Il acquiesça. Ils étaient tout près… C’était dans cette direction qu’il fallait chercher : le Cercle, l’accident, la mort du pompier et celle du chauffeur de bus… C’était là, sous leurs yeux. Mais, au fond de lui, un doute subsistait. Il lui était venu alors qu’ils se rendaient au lac et s’apprêtaient à plonger. Quelque chose ne collait pas… Une pièce qui ne s'emboîtait pas avec les autres. Sauf qu’il n’arrivait pas à mettre le doigt dessus et que sa migraine n’arrangeait rien.

— Désolé, dit-il pour évacuer la question. Mais j’ai horriblement mal au crâne…

— Bien sûr, s’excusa Cathy d’Humières. On parlera de tout ça quand vous irez mieux. En attendant, on n’a aucune nouvelle de Hirtmann, remarqua-t-elle en changeant de sujet. Il devrait y avoir un planton devant votre porte.

Un frisson le parcourut. Décidément, tout le monde voulait garder sa porte…

— Inutile. Personne ne sait que je suis ici, à part l’équipe du SMUR qui m’a transporté et quelques gendarmes.

— Oui. Bon. Hirtmann s’est quand même manifesté à plusieurs reprises. Je n’aime pas ça, Martin. Pas ça du tout.

— J’ai une sonnette près de mon lit, en cas de besoin.

— Je vais rester ici un moment, intervint Espérandieu. Juste au cas où.
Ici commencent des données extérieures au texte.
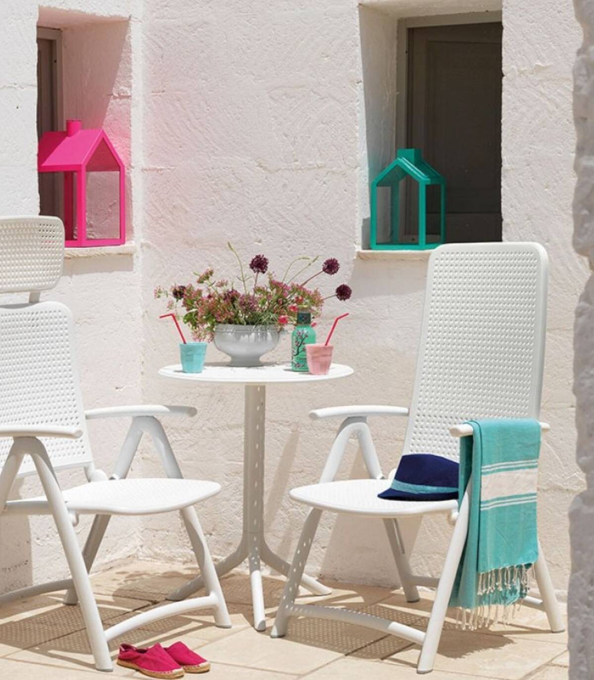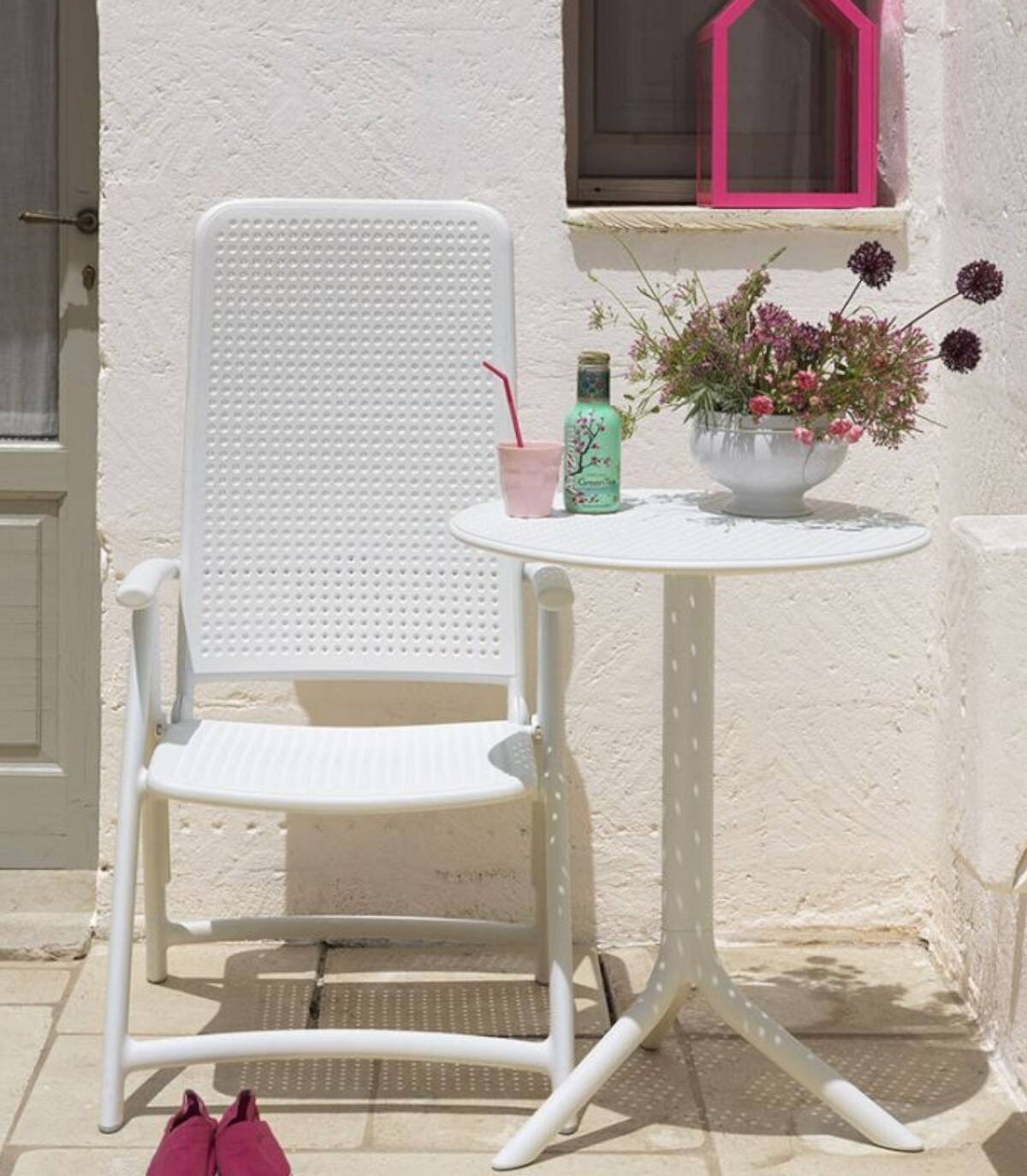 El sillón de exterior Darsena se compone de asiento, respaldo y reposabrazos fabricado en polipropileno fiberglass, tratado anti-UV, teñido en masa, efecto mate, con perforaciones en forma de puntos, con estructura y cuatro patas plegables.

— Très bien. Si vous êtes sur pied demain, on fait le point. On vous donnera une canne blanche si nécessaire, ajouta-t-elle en ouvrant la porte de sa chambre.
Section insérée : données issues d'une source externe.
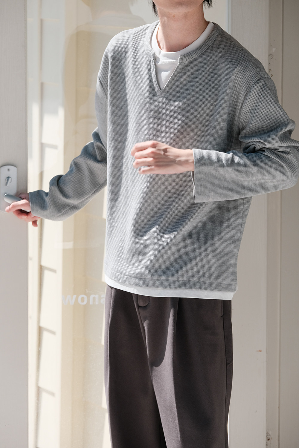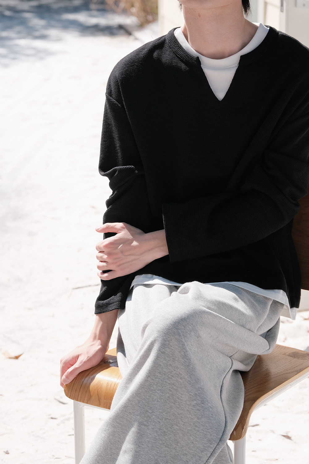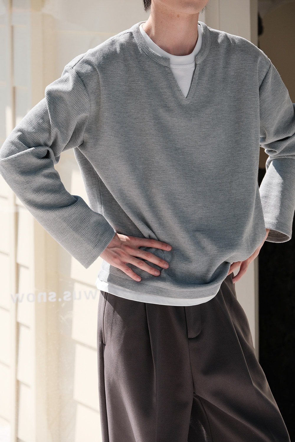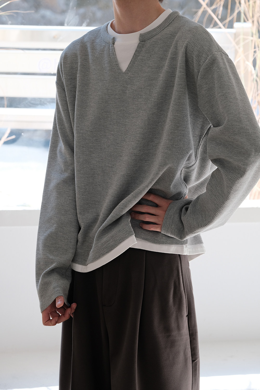 可樂生活自製 秋季慵嬾風華夫格假兩件日系寬鬆長袖打底T恤男女

Il eut un petit geste évasif de la main.

— Bonne nuit, Martin.

— Tu ne comptes quand même pas passer la nuit là ? lança-t-il à son adjoint quand la porte se fut refermée.
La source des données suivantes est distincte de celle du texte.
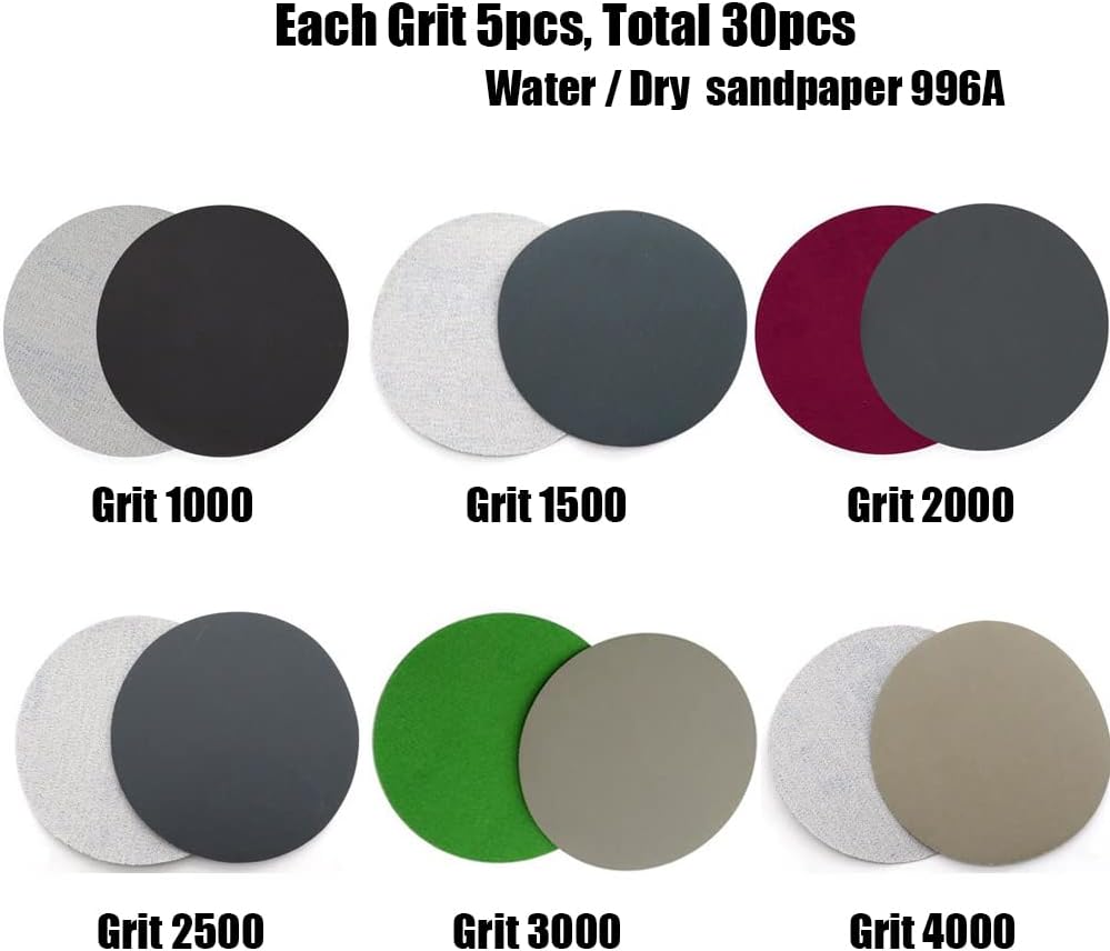 30 قطعة 150 مم /6 بوصة حبيبة 1000/1500/2000/2500/3000/4000 أقراص السنفرة المائية الجافة ذات حلقة ورق الصنفرة ورق الصنفرة مستديرة ورق الصنفرة ورقة الرمل

Il perçut le raclement d’un fauteuil qu’on déplaçait.

— Tu préférerais une infirmière ? De toute façon, dans ton état, tu ne saurais même pas si elle est jolie ou moche.

Ziegler referma la chemise. Zlatan Jovanovic la fixait. De l’autre côté du bureau. Il y avait une lueur dans ses yeux… Quelque chose qui n’y était pas tout à l’heure. Il avait eu tout le temps de réfléchir pendant qu’elle lisait. Avait-il vraiment gobé qu’elle allait ressortir d’ici et tirer un trait sur ce qu’il avait fait ? Peut-être était-il en train de penser qu’elle ne lui avait montré aucun papier officiel. Elle se sentit subitement sur ses gardes.

— J’emporte ça, dit-elle en montrant la chemise.

Il ne dit rien, se contentant de la fixer. Elle se leva. Il l’imita. Elle regarda ses grandes mains qui pendaient le long de son grand corps. Tranquilles. Drissa Kanté avait raison : il devait bien peser dans les cent trente kilos. Il fit lentement le tour du bureau. elle resta debout près de sa chaise, attendant qu’il passe près d’elle et la précède, prête à esquiver s’il se jetait sur elle. Il n’en fit rien cependant. Il se contenta de s’engager dans le couloir sombre. Elle avait commencé à glisser une main dans la poche de sa combinaison de cuir, là où était son arme, en lui emboîtant le pas et en fixant son large dos, lorsqu’il disparut brusquement par une porte ouverte sur la droite. Elle n’eut pas le temps de réagir. Vit l’obscurité au-delà de la porte. Elle se dépêcha d’attraper son arme dans sa poche, d’ôter le cran de sécurité et de faire monter une balle dans le canon.